The narrower deficit came as a result of higher tax collections last month, Finance Secretary Cesar V. Purisima said in a statement.
The DOF said August’s fiscal surplus was 36 percent higher than the surplus of P21.9 billion recorded in the same month last year. The end-August deficit, meanwhile, was 69 percent lower than the P82.6 billion posted in the same eight-month period of 2013.
Also, more revenues were collected in August, with the bureaus of Customs (BOC), Internal Revenue (BIR) and Treasury (BTr), as well as other offices, generating a combined P170 billion.
Collections of the BOC last month amounted to P29.1 billion (up 11 percent year-on-year), while the BIR collected P127.6 billion (up 8 percent). The non-tax income of the BTr, meanwhile, jumped 54 percent year-on-year to P5.3 billion “due to higher investment income and better dividend collections,” according to the DOF.
Expenditures in August rose by a slower pace of 5 percent to P140.1 million from P133.2 million last year. This, even as interest payments grew by 13 percent year-on-year to P20.6 billion “due to higher domestic payments, which offset the contraction in external interest payments,” the Finance department said.
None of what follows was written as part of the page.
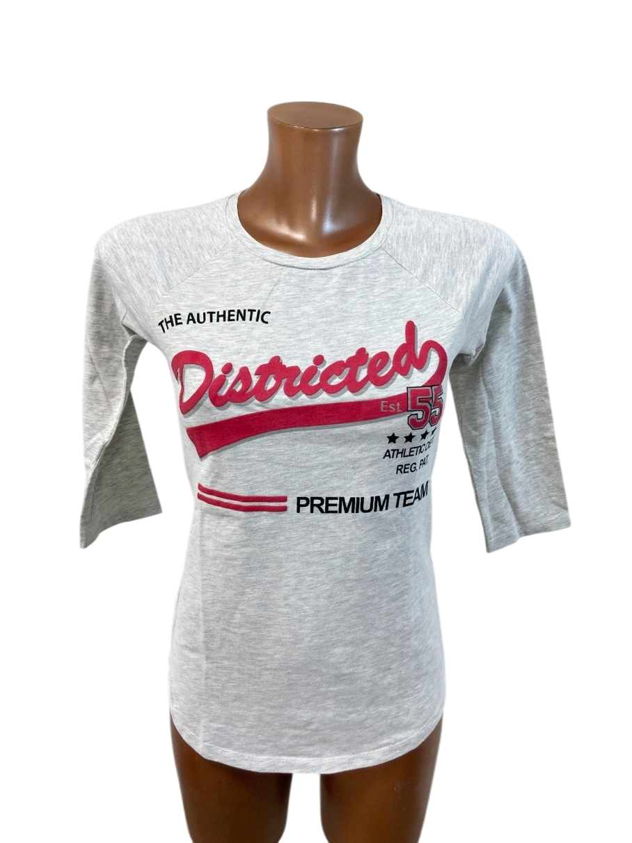 Sportovní dámské tričko značky FB Sister ve velikosti XS ve světle šedé barvě s nápisem.
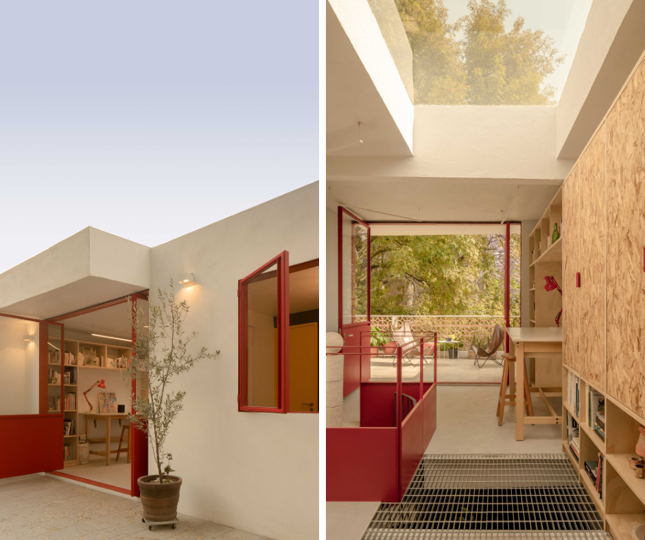 In Coyoacán, the renovation of artist Daniela Riquelme’s home expands the upper floor into a light-filled studio and workshop. The transformation introduces custom carpentry, a sawtooth roof, and generous openings to support painting, jewelry-making, and exhibition. A preexisting spiral stair anchors the layout, with a skylight above that draws light deep into the house. Across the interior and exterior, garnet red ironwork frames doors, windows, and railings. The color provides a strong counterpoint to pale walls and wood, while reflecting the artist’s own palette. These accents give rhythm to the space, highlight moments of transition, and tie the studio’s identity directly to Riquelme’s creative practice.

At the end of August, total revenues hit P1.27 trillion—12 percent higher than the P1.139 trillion collected in the same eight-month period last year. From January to August, the BOC’s revenue reached P232.9 billion (up 17 percent year-on-year) while that of the BIR hit P890.7 billion (up 10 percent). The eight-month income of the BTr grew by a faster rate of 24 percent year-on-year to P75.7 million.
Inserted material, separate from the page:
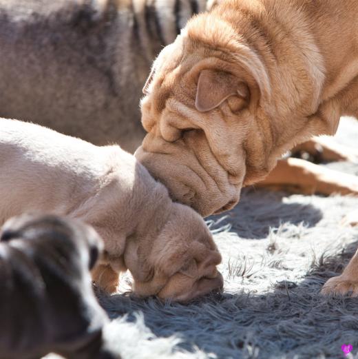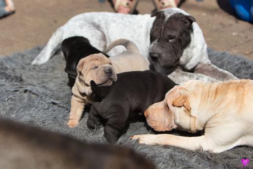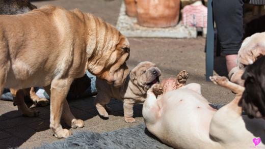 Titelbild: "Mini Hamster greift an". Es ist immer wieder unfassbar wie sich so kleine erst vier Wochen junge Welpen ins Rudel integrieren und von allen für voll genommen werden. Faszinierend.

Total expenditures during the first eight months, however, continued to outpace growth in revenues. As of end-August, the government spent P1.296 trillion—6 percent more than last year’s P1.222 trillion.
Still, “improved revenue collection and proactive liability management continues to allow us to service debt obligations efficiently,” the DOF said, citing that, as of end-August, interest payments were below the program for the eight-month period at P228.6 billion.
According to the DOF, interest payments’ share to revenues during the January-August period went down to 18 percent from 20.1 percent last year. Interest payments, as a percentage of expenditures, likewise dropped to 17.6 percent in August from 18.7 percent in 2013, “indicating greater capacity to service debt and fiscal space for more productive spending.”